In this regard to the Federal Government's use in the legislation of the words "low-impact facility" deliberately misrepresents the nature of the potential harm the towers represent. People interpret "low-impact" to mean it will have a low impact on health, whereas the legislation just says it will be of "low visual impact". There is no question: low visual impact does not mean low risk.
Finally, the State Government needs to lobby its Federal counterpart to close the loopholes in the Federal legislation. It must enlighten the community as to the potential risks. It must assist councils in the preparation of appropriate development control plans. It should point out the misleading nature of the terminology used in the Act. It must also pressure the Federal Government to amend the Act. Until more independent scientific research has been conducted, the precautionary principle must prevail. Towers should not be built in people's backyards, within 300 metres of school grounds, or wherever children congregate for long periods. I urge members to support the motion.
The Hon. PATRICIA FORSYTHE [3.00 p.m.]: The Opposition does not believe that the approach taken in this motion is the appropriate way forward. We acknowledge that a significant number of groups across the community have concerns about the placement of mobile telecommunication towers and antennas. The motion calls on the Federal Government to take action. As honourable members know, a motion of this House calling on the Federal Government to do anything has no force. Indeed, we can do nothing more than pass a motion about the actions of the State Government. There is a better way forward, and that is to focus on giving advice to the State Government. In that context, I move:
That the motion be amended by deleting all words after "House" and inserting instead:
calls on the State Government to determine as part of the "Metropolitan Strategy" document, currently in development under the supervision of Professor Ed Blakely, a comprehensive strategic approach to the identification of suitable mobile tower sites, low and high impact, to guide telecommunications providers to available site options with the best community and planning outcomes.

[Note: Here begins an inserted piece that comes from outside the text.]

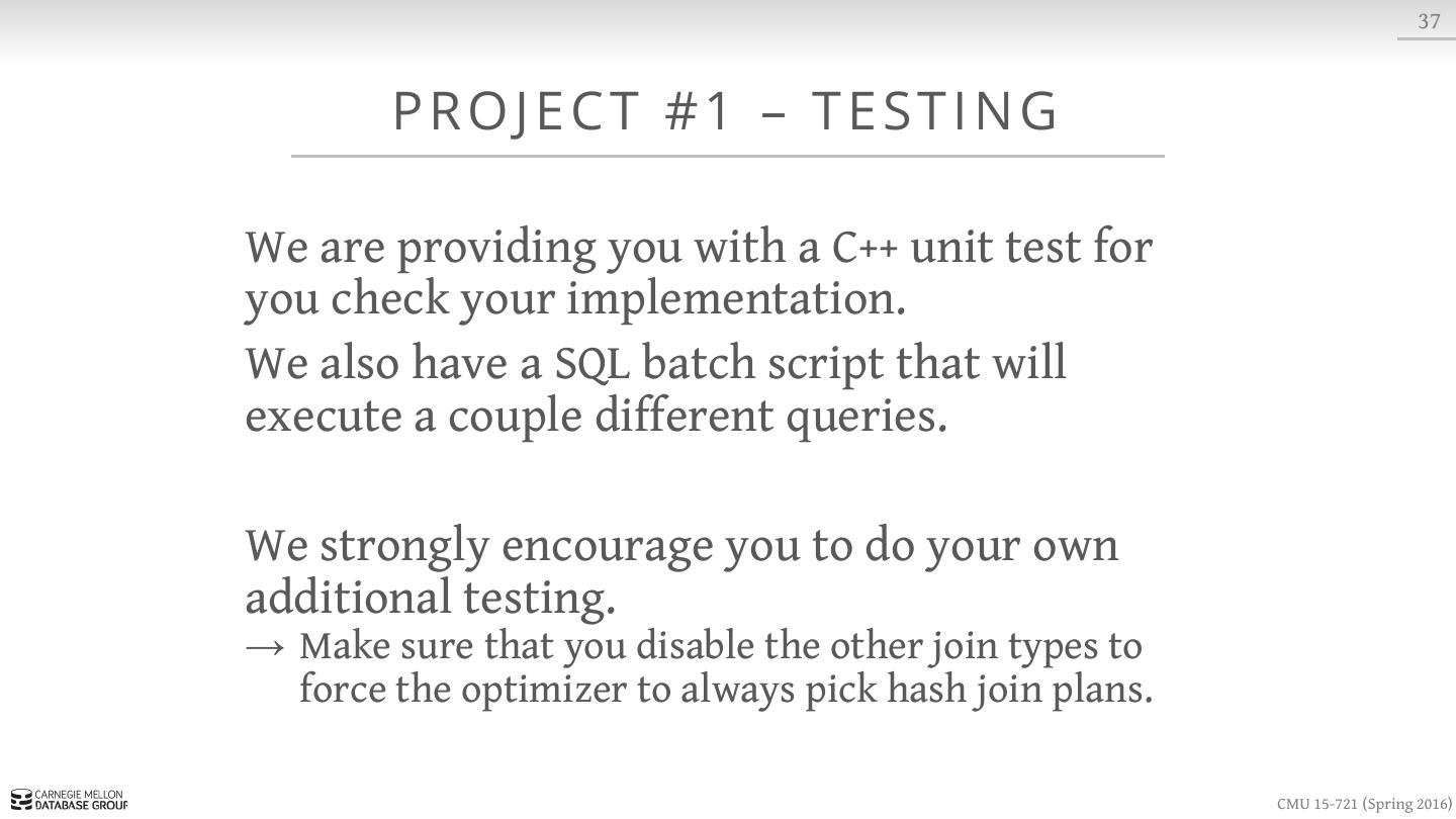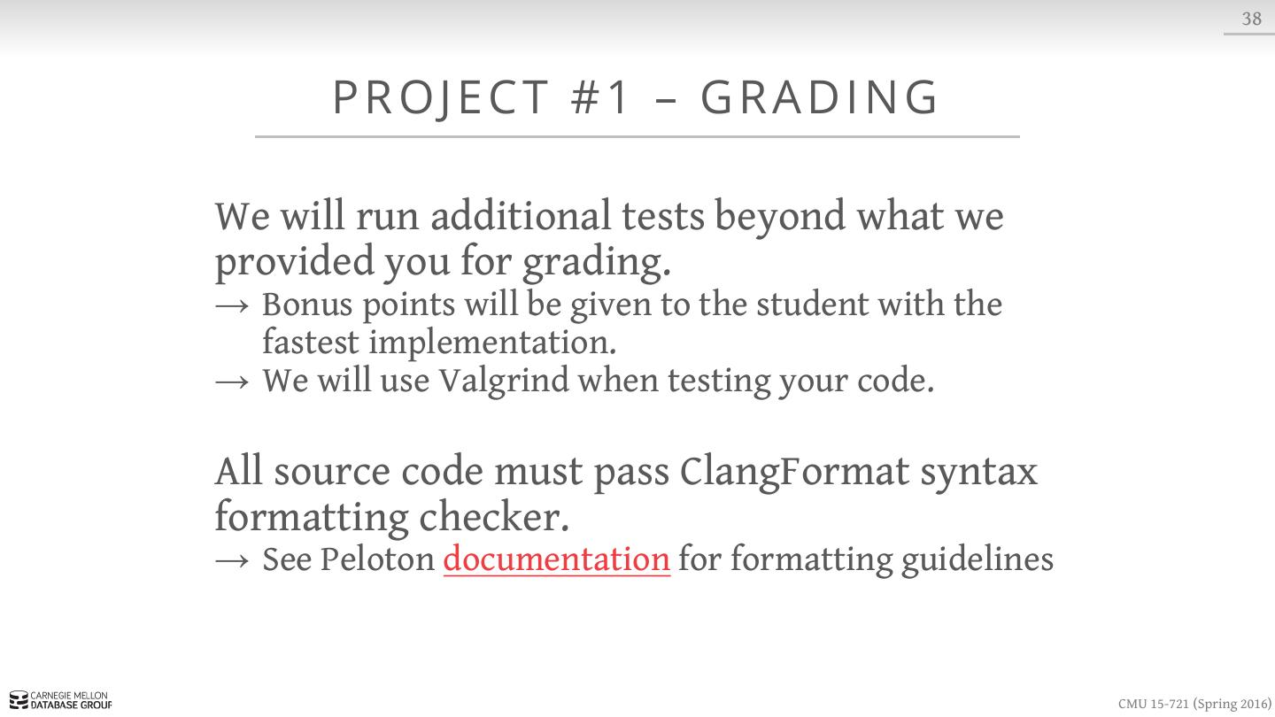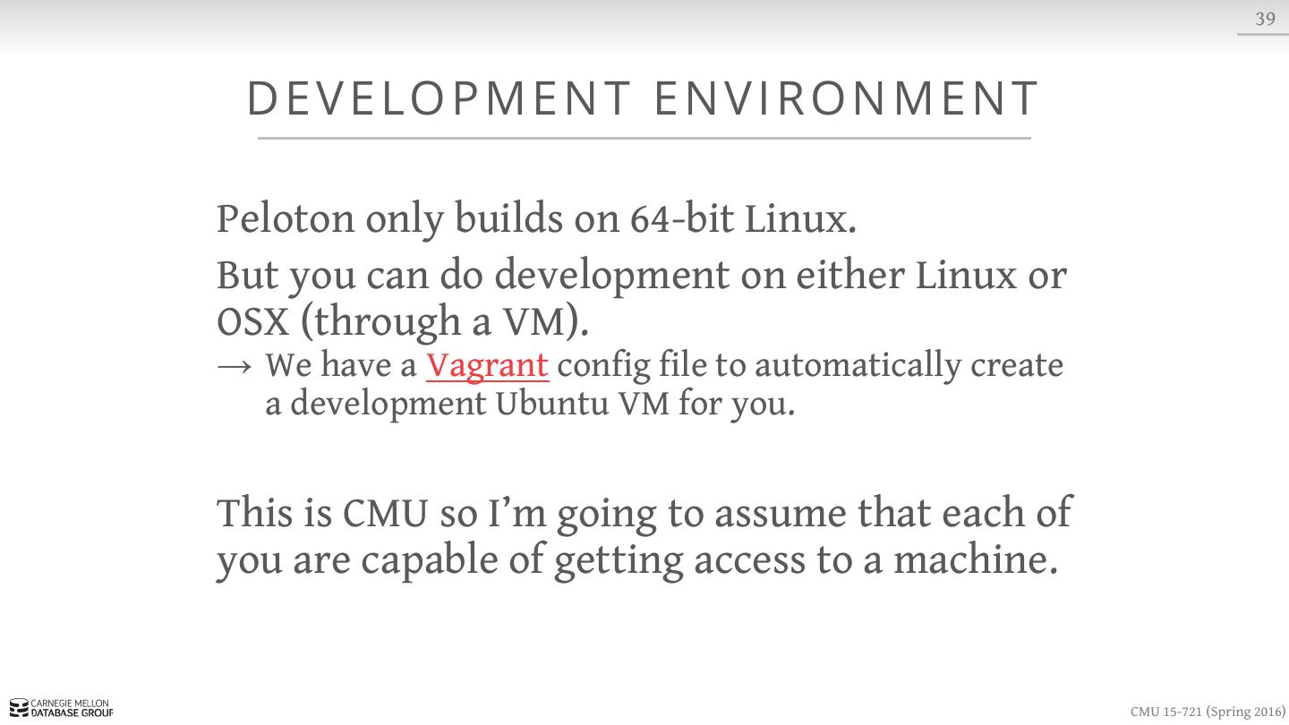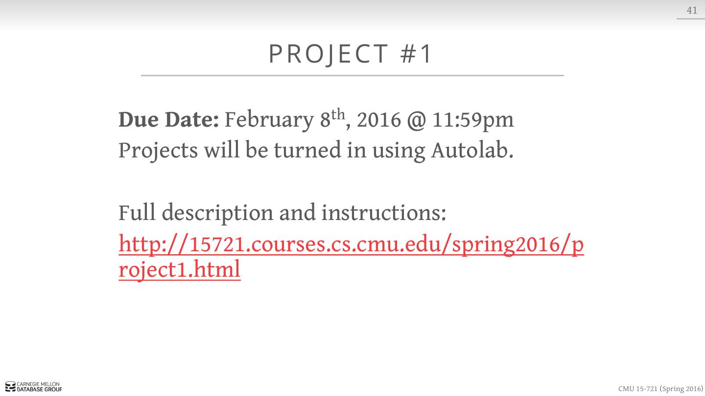 2 . 2 TO DAY ’ S AG E N DA Background In-Memory DBMS Architectures Historical Systems Peloton Overview Project #1 CMU 15-721 (Spring 2016)

The Opposition believes that the preparation of the "Metropolitan Strategy" document provides an opportunity for the State Government to examine this issue and to propose a range of ideas or options for the community to consider. Mobile telephones are a fact of modern life and despite the honourable member's comments about third generation technology it is a part of our future. I suspect that if we were to talk to members of the resident groups that have voiced concerns, many would admit they use mobile telephones, and undoubtedly their children also use them. An analysis of many homes would reveal other electromagnetic devices, such as microwave ovens, that have over the years caused concern about potential health impacts. There is no conclusive evidence to suggest that the level of exposure that most people have to common communications equipment and other sources of electromagnetic waves is likely to pose a danger.
Notwithstanding that, we must take a responsible approach, and the Government has a role to play. The question is the level and scope of any inquiry. Should we examine every antenna—as I suspect is the honourable member's desire? Aspects of what the honourable member said concern me. Frankly, the size of Hutchison Telecommunications, or any other company, is irrelevant to this debate. Of course, it might have been part of the Greens usual agenda about multinationals and their capacity to influence Government, which is the theme behind most issues they raise. The Opposition is conscious of community concerns. The shadow Minister responsible for this portfolio area has made representations to the Minister for Infrastructure and Planning and to the Federal Government on behalf of some groups—she has certainly assisted the Oatley Park Defenders—to see whether we can resolve their concerns.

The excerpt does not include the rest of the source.